The result was the Blitz QFD® approach which now precedes and can sometimes replace the House of Quality and subsequent matrices. It is highly scalable and adaptable, and is the core of what we now teach in the QFD Green Belt® and QFD Black Belt® courses.

Now, specifically to the LinkedIn poll question: Profit is the difference between revenue and cost. The Lean and six sigma community focus on the cost side – remove waste, improve productivity. There is a limit, though, on cost reduction. Theoretically, once you reach zero cost, where can you go?

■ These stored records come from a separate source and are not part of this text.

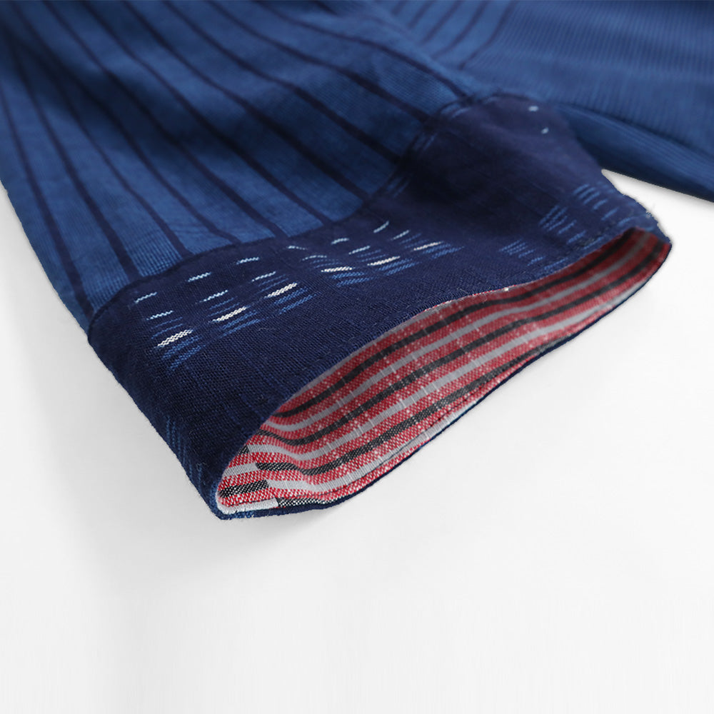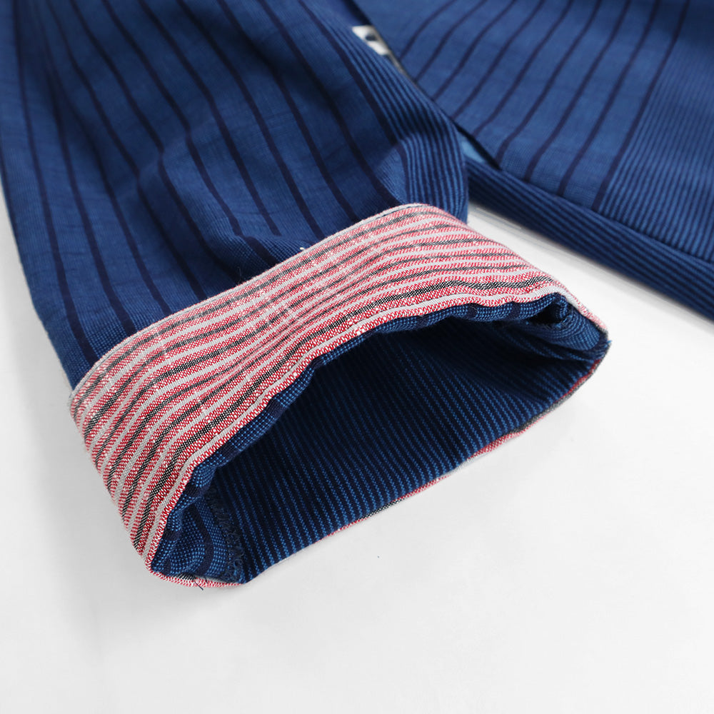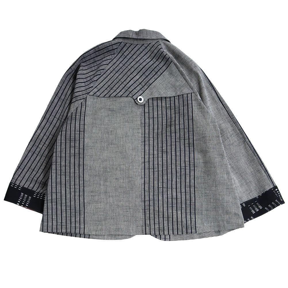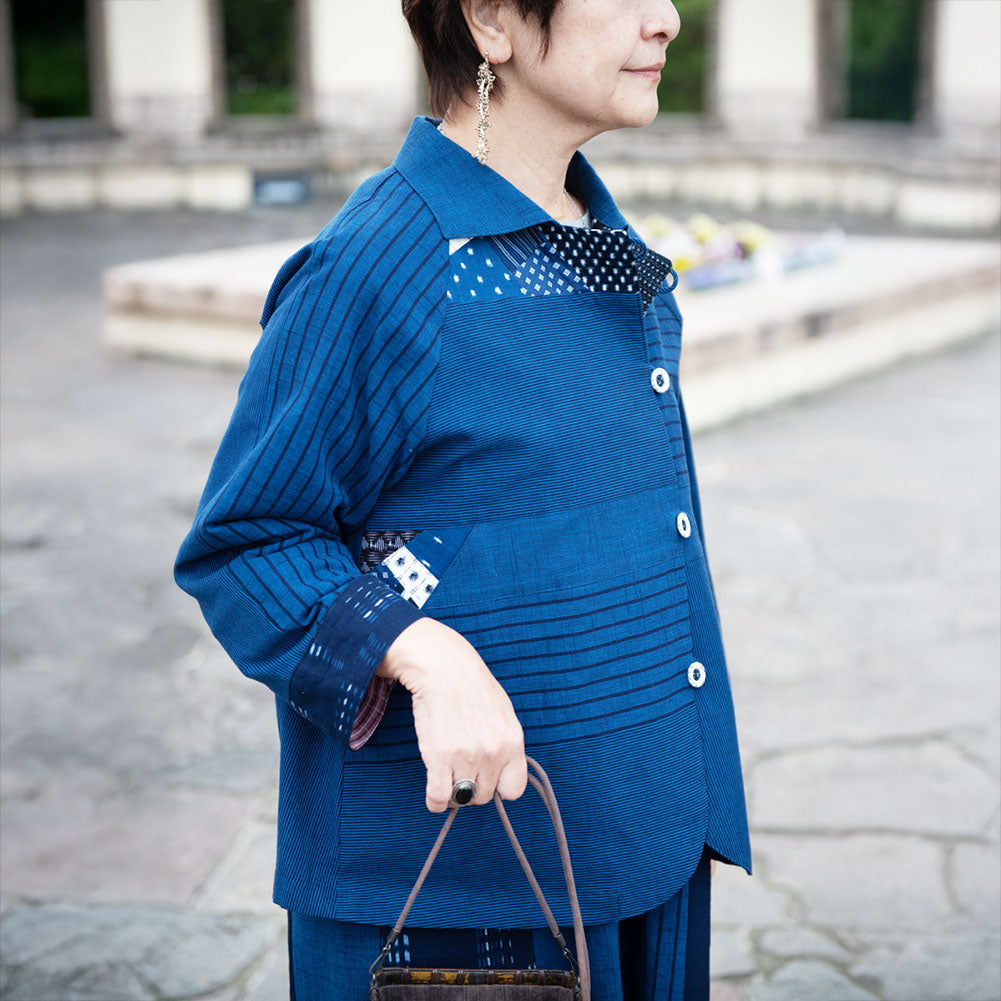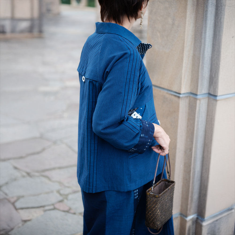 身頃の生地をタテヨコに取り複雑な印象で儀右エ門ならではの仕上がりです。
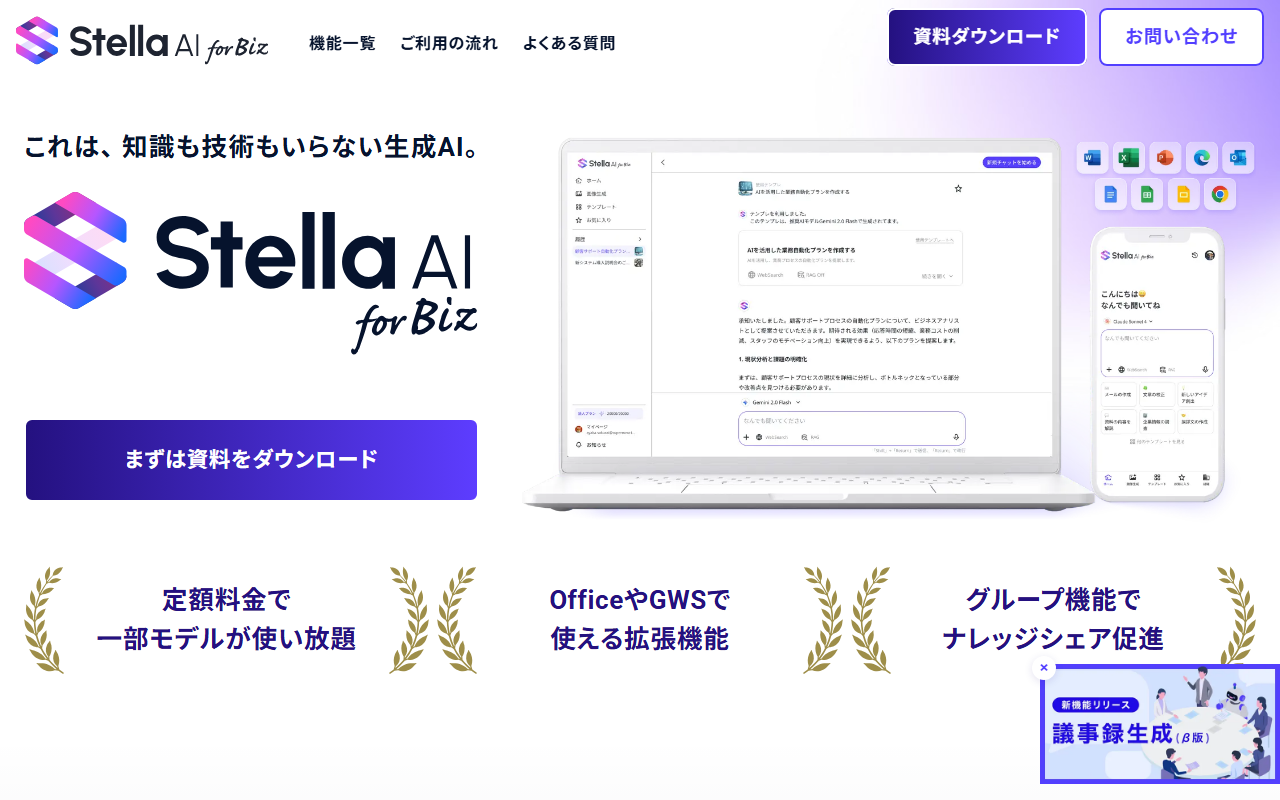 Stella AI for Bizは、株式会社SUPERNOVAが提供する法人向け生成AIプラットフォームです。Grok、Claude、Geminiなど複数の最新AIモデルを従業員全員が使い放題で利用でき、チーム間で共有できるプロンプトテンプレートやRAGデータベースを搭載しています。会議録音・文字起こし・話者分離機能、Deep Research、画像生成にも対応しており、管理者向けの利用状況ダッシュボードも備えています。初期費用なし、最低1アカウントから開始可能です。
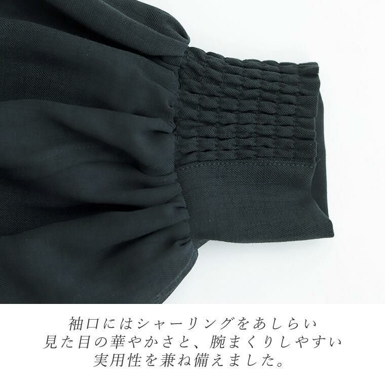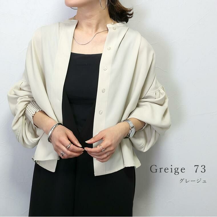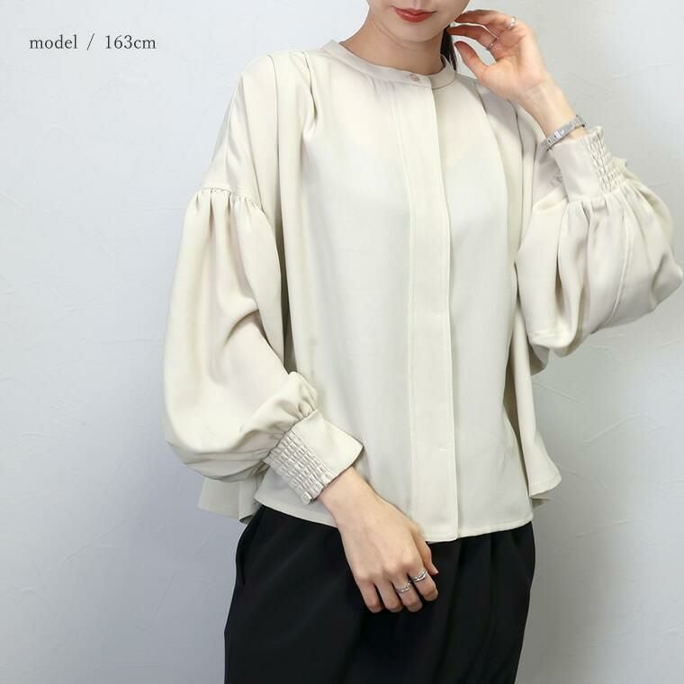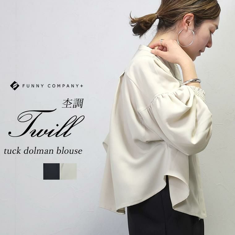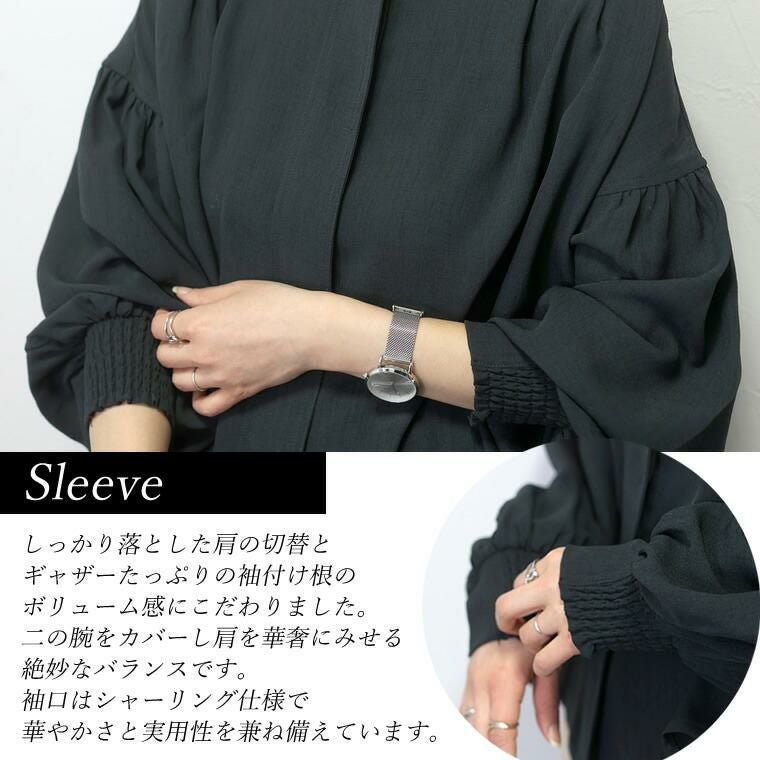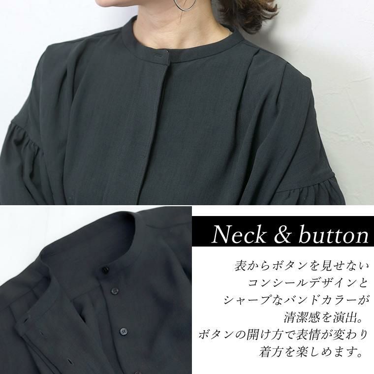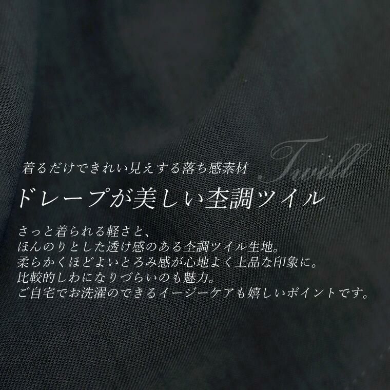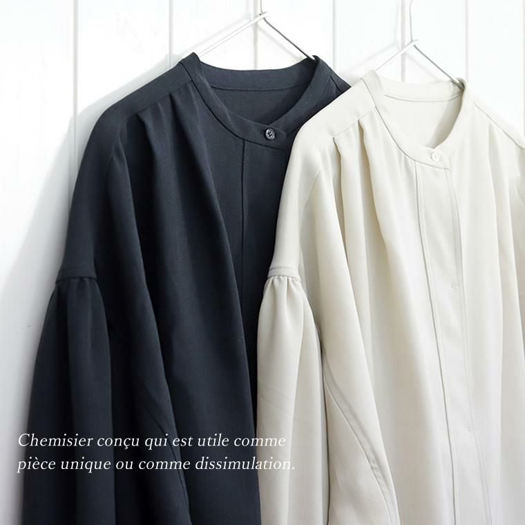 杢調ツイルタック使いドルマンブラウス シンプルなボトムに合わせるだけできちんと感ある スタイルが完成する大人ブラウスの登場。バックヨークやショルダーに タックやギャザーをふんだんに施したデザイン性の高い一着です。 さらっとした肌触りながらなめらかな落ち感のある杢調ツイル生地で タックから落ちるドレープが上品な印象を与えます。シャープな バンドカラーはボタンの隠れる比翼仕立てになっており、よりきれいめな 表情に。またボタンを開けて羽織りとしても活躍します。しっかり落とした 肩の切替とたっぷりギャザーのボリュームバランスにもこだわりました。 デイリーに、オフィスシーンに重宝するとろみシャツブラウスです。 【 同素材のジャケットはこちら 】
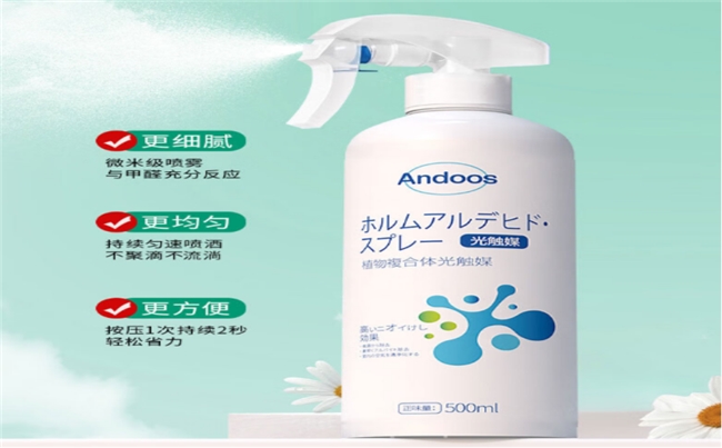 对于普通家庭而言,它极大地降低了除醛门槛。使用方法极其简便:只需将液体摇匀后,距离物品表面约30公分进行均匀喷洒,随后依靠自然光或室内光照射即可启动净化过程。“一喷一晒”,就能主动、快速地净化空气。通常,几瓶(500ml**标准装,可有效处理约20平方米区域)即可应对百平米左右的居家空间。
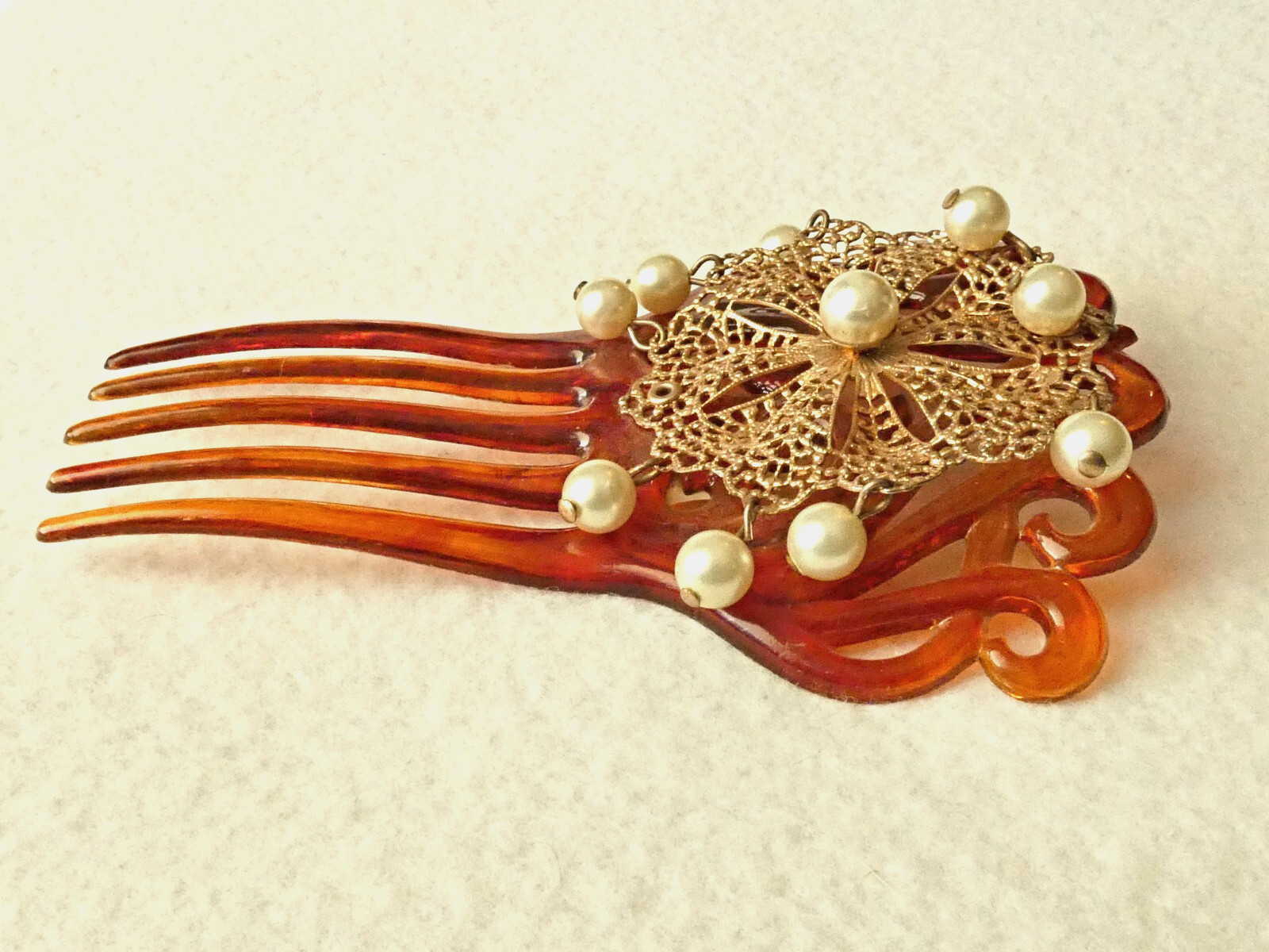 Vintage Large Ornate Hair Comb Gold Filigree Faux Pearls
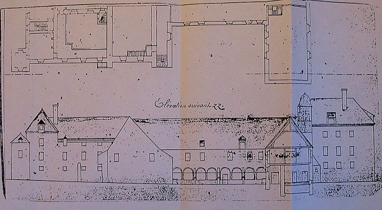 Ancien couvent de Nazareth : élévation en coupe suivant la ligne ZZ du plan de 1823, 1824 (?). Collection privée.Immatriculation
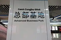 总部基地站 (Zǒngbù jīdì zhàn) Cungjbu Gihdi Quartier des affaires avancées (zh) (Advanced Business Park) Ligne 3
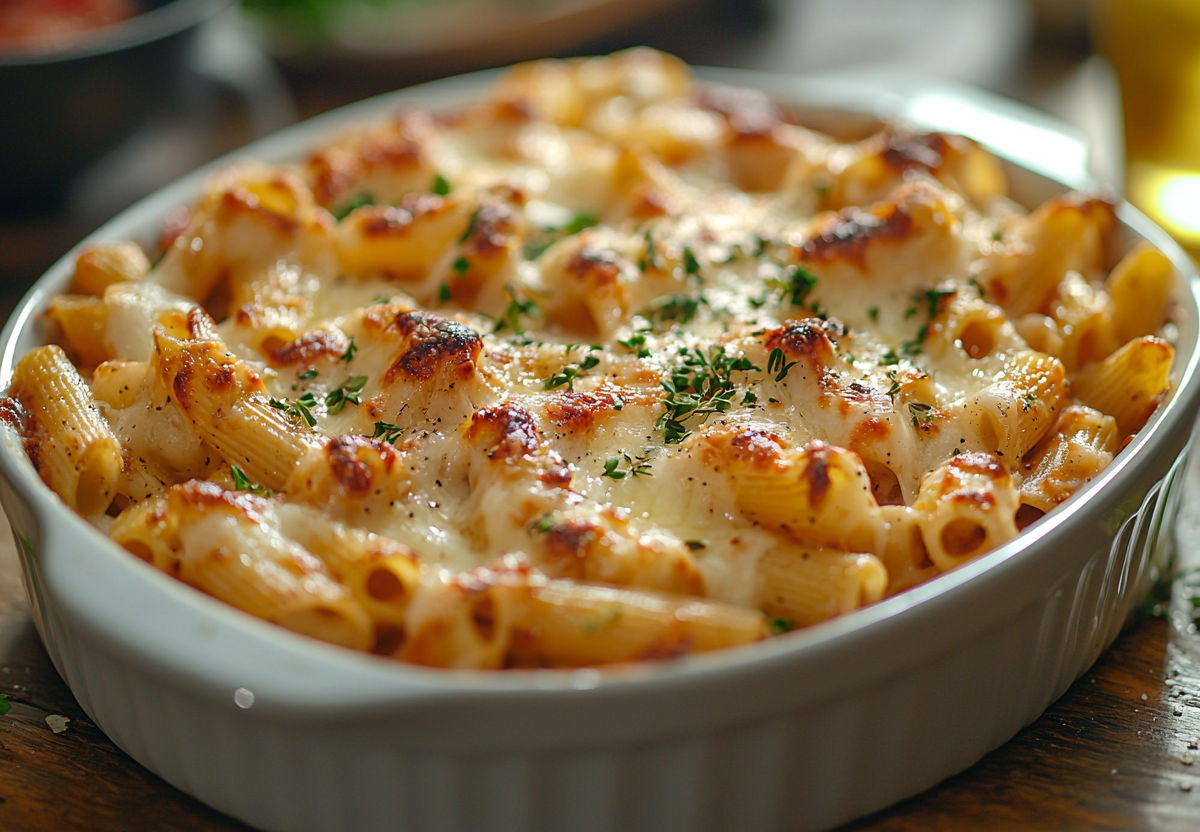 Вкус этого блюда — нежные макароны в сливочной сметанной пропитке с сочной курицей и аппетитной корочкой. Молоко и сметана идеально пропитывают пасту, делая ее мягкой, но сохраняя форму, а курица остается сочной благодаря запеканию в жидкости.
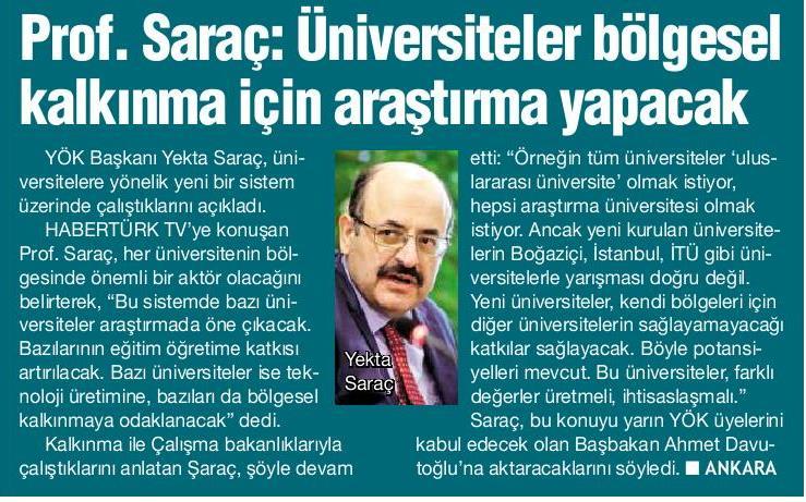 PROF. SARAÇ: ÜNİVERSİTELER BÖLGESEL KALKINMA İÇİN ARAŞTIRMA YAPACAK

QFD, on the other hand, focuses on the revenue side. If we can provide more value to customers by helping them solve their problems, enable their opportunities, and improve their image, then more customers will pay more money for the product or service.  The limit is the size of the global market. Smart customers (the ones you want) won't mind paying 99 cents for one dollar of benefit.





04 March 2013

DFSS / DFLS and QFD: Why we need both

A recent QFD newsletter discussed the similarities and differences of DFSS/DFLS and QFD and why it is not an "either-or" question but that we need both to deliver business success.

(illustration - dfss/dfls vs qfd)
This is because the focus of DFSS (design for six sigma) and DFLS (design for lean sigma) is our internal products and processes, whereas the focus of QFD (quality function deployment) is our customers. The differences between the sigma approaches and QFD are especially notable in these areas:
  • Focus
  • Customer understanding
  • VOC (voice of customer) analysis
  • CRM (customer requirements management) and priority
  • Solutions identification and delivery
  • Design, Development, and Commercialization
  • Math

In short, QFD provides a holistic approach that links business, customer, and technology in one end-to-end trackable flow with the goal of customer value — DFCV (design for customer value). QFD uses quantitative and non-quantitative tools to analyze the unknown unknowns, information that leads to sustainable competitiveness.

(illustration: QFD + DFSS/DFLS = Happy Customer)DFSS provides a powerful set of statistical and analytic tools that can improve the efficiencies and effectiveness during the build of new products. QFD provides the umbrella of customer value as the driver and DFSS kicks in downstream to assure that solutions are optimally developed. We need both together in order to deliver customer satisfaction and business success.